THE HUMAN FACTOR
The AI industry calls the human the bottleneck. There's a better term.
About a year ago, I was advising a startup that allowed consultants to build a professional AI twin, trained on their expertise, so that clients could interact with it on demand.
I approached a consultant I admire. We had one of those long-distance intellectual relationships that Substack makes possible: reading each other’s work, respecting each other’s thinking, never having met. I invited him to build his.
He pushed back. His main value, he told me, is not really his knowledge. What corporate clients will always value, he wrote, is trust, relationship, experience, social proof, communication skills and empathy. The knowledge itself, people can get pretty much for free. “If it’s to acquire knowledge, people are better off asking ChatGPT.”
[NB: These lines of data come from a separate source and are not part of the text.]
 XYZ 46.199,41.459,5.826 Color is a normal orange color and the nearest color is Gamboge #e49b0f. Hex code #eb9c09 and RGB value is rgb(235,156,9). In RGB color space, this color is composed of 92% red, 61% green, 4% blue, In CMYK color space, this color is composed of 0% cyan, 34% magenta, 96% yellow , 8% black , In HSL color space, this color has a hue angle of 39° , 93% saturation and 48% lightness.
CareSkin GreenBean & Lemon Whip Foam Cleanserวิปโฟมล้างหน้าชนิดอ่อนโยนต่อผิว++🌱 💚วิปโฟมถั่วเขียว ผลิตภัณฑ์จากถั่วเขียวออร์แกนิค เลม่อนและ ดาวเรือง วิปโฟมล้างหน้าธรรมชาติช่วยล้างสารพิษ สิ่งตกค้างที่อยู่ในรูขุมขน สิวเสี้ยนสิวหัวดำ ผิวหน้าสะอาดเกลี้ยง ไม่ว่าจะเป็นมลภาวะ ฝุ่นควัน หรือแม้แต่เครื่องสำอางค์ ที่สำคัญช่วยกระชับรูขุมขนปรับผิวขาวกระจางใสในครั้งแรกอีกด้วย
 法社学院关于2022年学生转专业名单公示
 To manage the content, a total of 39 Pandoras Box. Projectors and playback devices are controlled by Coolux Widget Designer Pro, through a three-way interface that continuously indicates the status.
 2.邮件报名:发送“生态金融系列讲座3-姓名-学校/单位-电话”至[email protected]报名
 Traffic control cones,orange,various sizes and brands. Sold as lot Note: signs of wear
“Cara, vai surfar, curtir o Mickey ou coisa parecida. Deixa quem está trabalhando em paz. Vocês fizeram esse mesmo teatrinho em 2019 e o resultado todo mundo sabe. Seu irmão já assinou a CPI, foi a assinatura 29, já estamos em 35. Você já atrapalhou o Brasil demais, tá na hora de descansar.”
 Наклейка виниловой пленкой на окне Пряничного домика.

He even did the math. A $20 ChatGPT subscription versus a $99 to $499 twin built on his expertise. Why would anyone pay the difference for knowledge alone?
At the time, I was shocked. If even accomplished experts do not believe they have something the machine lacks, we are facing something worse than job displacement, I thought. A species-level crisis of self-confidence.
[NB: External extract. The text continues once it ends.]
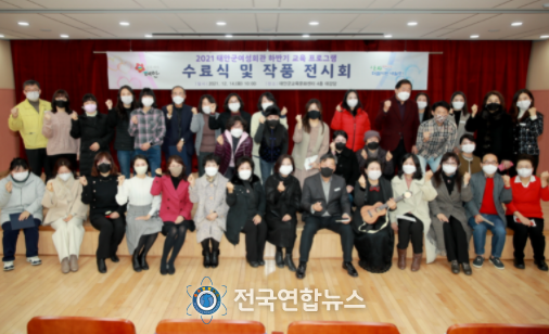 전국연합뉴스 노윤호 기자 | 태안군이 지난 14일 교육문화센터 대강당에서 가세로 군수와 수료생, 강사 등 50여 명이 참석한 가운데 ‘2021 여성회관 하반기 교육프로그램 수료식 및 작품전시회’를 개최했다.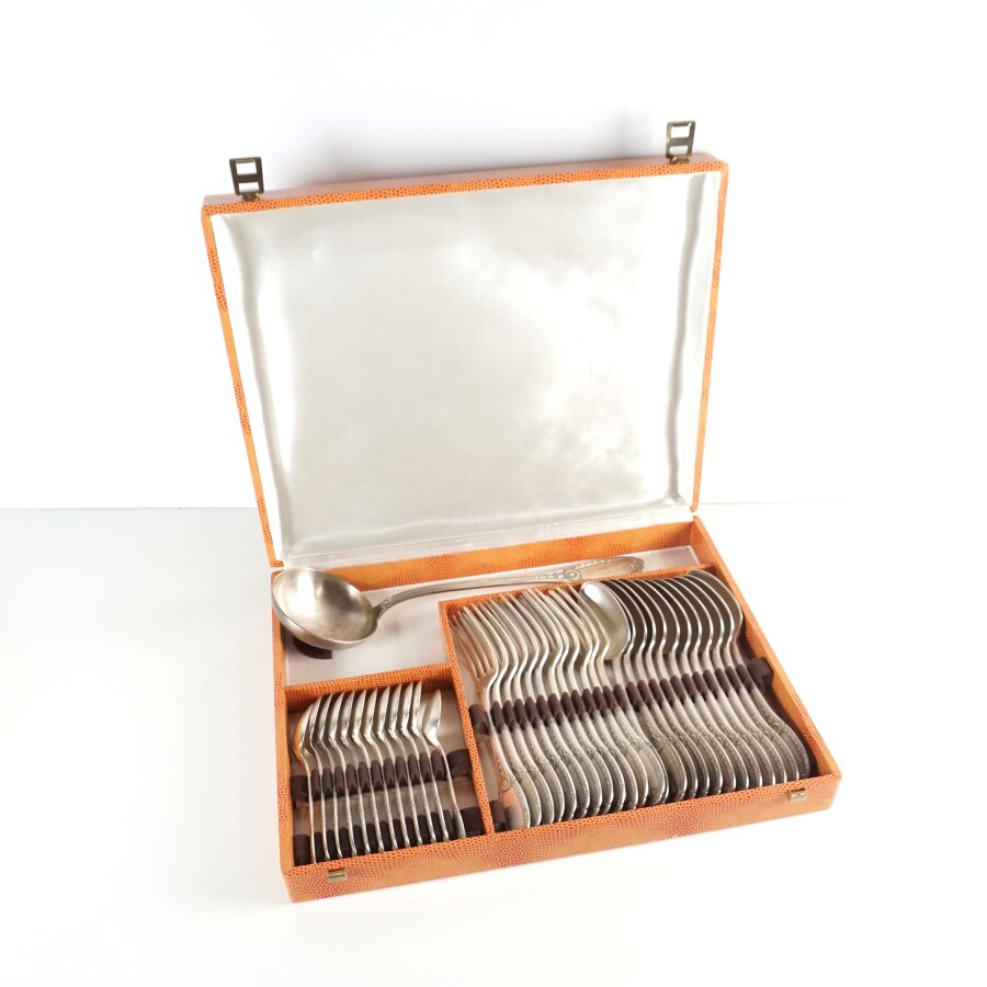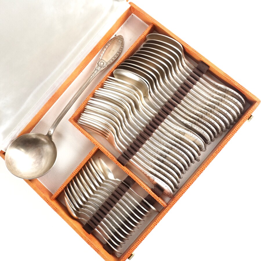 Partie de ménagère, métal argenté, à décor de frise rubanée et coquille éclatée, comprenant : 12 couverts, 12 petites cuillères et 1 louche, présentée dans un coffret.

Rereading our exchange now, I see what he meant. He was not lacking confidence. He was telling me that his value cannot be separated from who he is. The knowledge could go into a twin. The rest of him could not. And the rest of him is where the value lives.
I have been exploring for the past year what humans should retain in the new division of labor with AI. What he was describing is at the heart of what we need to keep, and what makes us valuable.
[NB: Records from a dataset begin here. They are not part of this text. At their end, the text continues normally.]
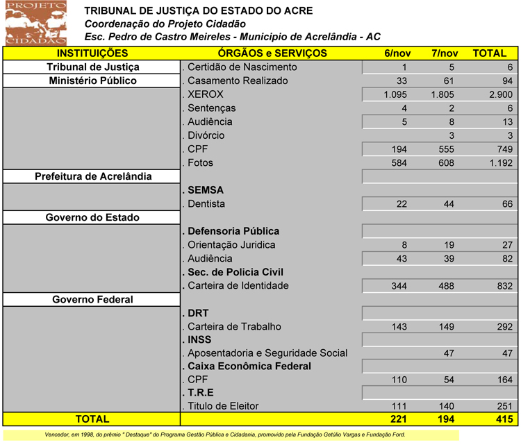 Desde o ano de 1995, quando foi instituído, o Projeto Cidadão conta com o apoio de diversos segmentos do poder público e da iniciativa privada, motivo pelo qual ele se ampliou e fortaleceu, sendo hoje umas das principais ações sociais do Poder Judiciário do Acre e referência em todo o Brasil.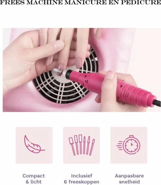Met de Manicure- en pedicureset haal je een professionele nagelstudio in huis! Zeer compact in formaat, maar uitgebreid in functionaliteit. Inclusief 6 nagelfrees opzetstukjes en 6 schuurpads welke je nagels mooi en gezond houden. Polijsten, vijlen, exfoli?ren, alles kan! De nagelfrees draait zowel voor- als achteruit en is dus zowel de linker- als de rechterhand te gebruiken. Met een laag geluidsvolume, weinig vibraties en een aanpasbare snelheidvoor zowel de ervaren als beginnende nagelartiest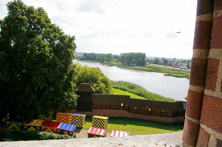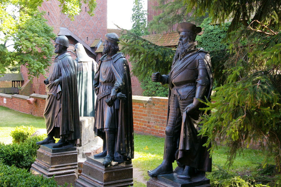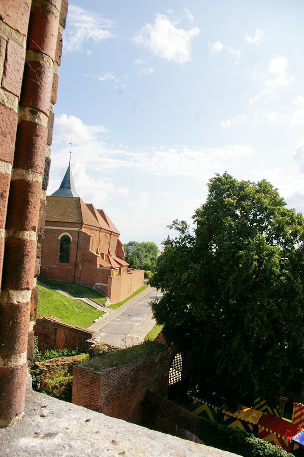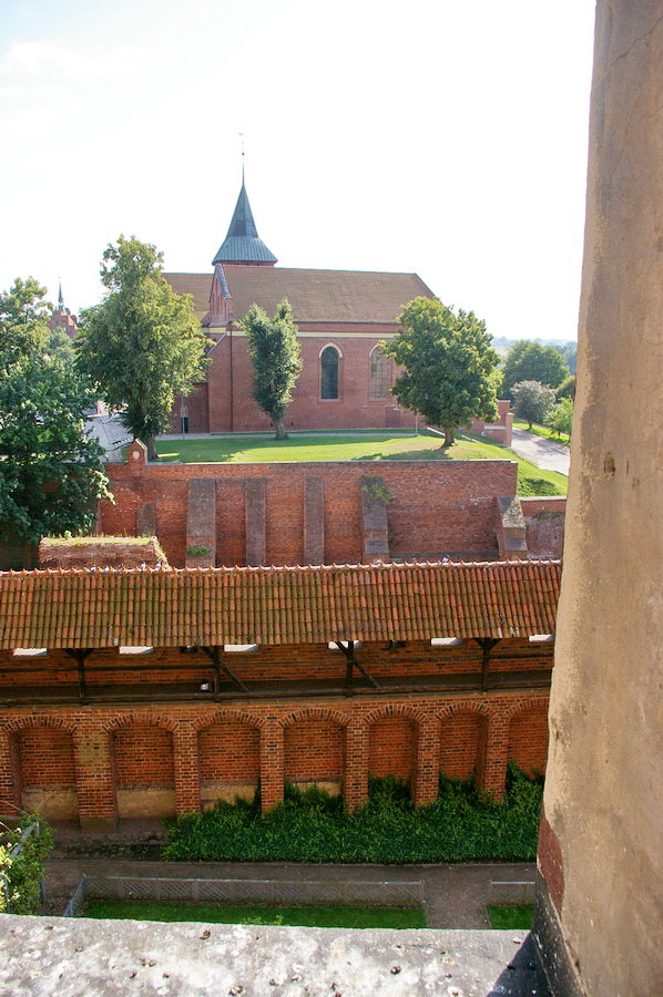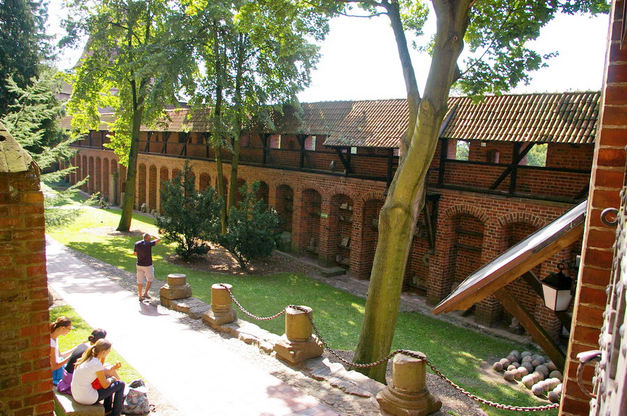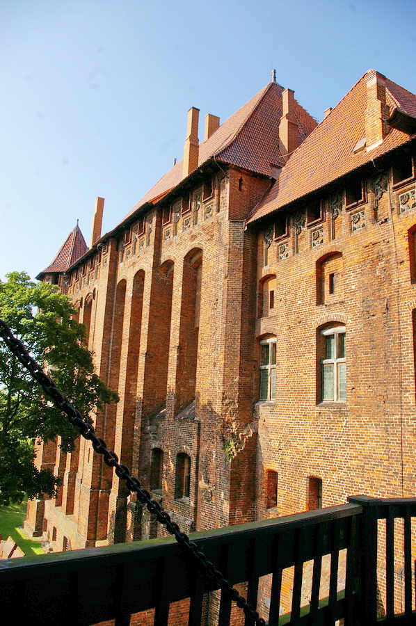 Apžiūrėjus dar keletą mažesnių patalpų, eksursija buvo baigta ir mes galėjome vėl išeiti pro Aukštutinės pilies vartus, pereiti Vidurinės pilies kiemą, kur stovi paminklas žymiausiems Vokiečių ordino didiesiems magistrams. Išėjus pro Vidurinės pilies vartus (pro mažuosius vartelius nelindome 😉 ) turėjome apeiti visą Vidurinę pilį tarp jos sienų ir papildomų įtvirtinimų. Buvo proga pažvelgti į tiltą tarp Vidurinės ir Aukštutinės pilių.

If disembodied human knowledge loses on price, and as I wrote recently AI’s subsidized price makes that loss feel absolute, the question is what holds its value. He was not trying to compete with the LLMs on knowledge. He was pointing to something they cannot touch. The pattern shows up well beyond one consultant’s decision.
In 2016, Geoffrey Hinton predicted AI would replace radiologists. A decade later, despite advances in automating scan reading, there are more radiologists than ever, earning more than ever. The job turned out to be much more than the task AI could do. It was triaging, communicating with physicians, training residents, making the difficult calls that other clinicians trust enough to act on. Each of those is a bottleneck: a point where the human is essential to the process working.
Recent research has a term for why the radiologist survived. A strong bundle.¹ Think of a job not as a list of tasks but as a bundle of them. Some bundles are weak: the tasks do not depend on each other, so they can be pulled apart without losing value. Data entry, routine summarization, single-function work. But a strong bundle is different. The tasks are interdependent. You need the same person connecting all of them. And automating one task within a strong bundle does not eliminate the human. It makes the remaining human work more valuable.³
The most vulnerable workers are the most narrow. Single-task, single-skill, already being unbundled.² As I wrote in my last post, Smith warned 250 years ago what happens when you reduce a person to a single narrow operation: you strip them of the capacity for judgment, conversation, feeling.⁴ As they are dehumanized, they lose their human value. And what has lost its human value is what gets automated. AI is a sorting function on human capability. It rewards complexity and punishes narrowness.
This pattern plays out at larger scales too. In London, AI can draft a planning review, but it cannot convince the environmental group to drop its lawsuit, persuade the politicians, or negotiate with the neighbors.⁵ The bottleneck is human. The beneficiary is human. The friction is the necessary work of moving complex things forward in a human world. When the decisions have real consequences, health, contested negotiations, large-scale outcomes, we trust humans. Why Judgment Is Ours
The consultant I approached is exactly this kind of strong bundle. The more of your human capabilities you bring to the work, the stronger the bundle becomes. This is not something that happens automatically. The tendency in most organizations is the opposite: to narrow roles, assign single tasks, optimize for efficiency, as Adam Smith so famously laid out. It feels like the right move in the short run. But it is exactly what makes people more exposed. The work is to resist the narrowing and cultivate what makes you central to the equation.
AI does not reduce the need for humans. It concentrates the value at the human bottleneck.
In a framework built purely for throughput, a bottleneck is something to be removed. That is the Silicon Valley narrative: the human slows the system down. But a bottleneck is only a flaw in a system optimized for efficiency. In a system that depends on judgment, trust, and coordination, it is the point of highest value. Everything passes through us. In engineering, they have a term for the principle of designing systems around that rather than against it. The human factor. Not a flaw in the system. The reason the system works, if we stay complex enough to hold that role.
¹ Garicano, Li and Wu, "Weak Bundle, Strong Bundle: How AI Redraws Job Boundaries," March 2026. ² Frey and Osborne, "The Future of Employment," Oxford University. ³ Gans and Goldfarb, "O-Ring Automation," NBER Working Paper 34639, 2026. ⁴ Smith, The Wealth of Nations, Book V, Ch. 1. ⁵ Garicano, via Business Today, February 2026.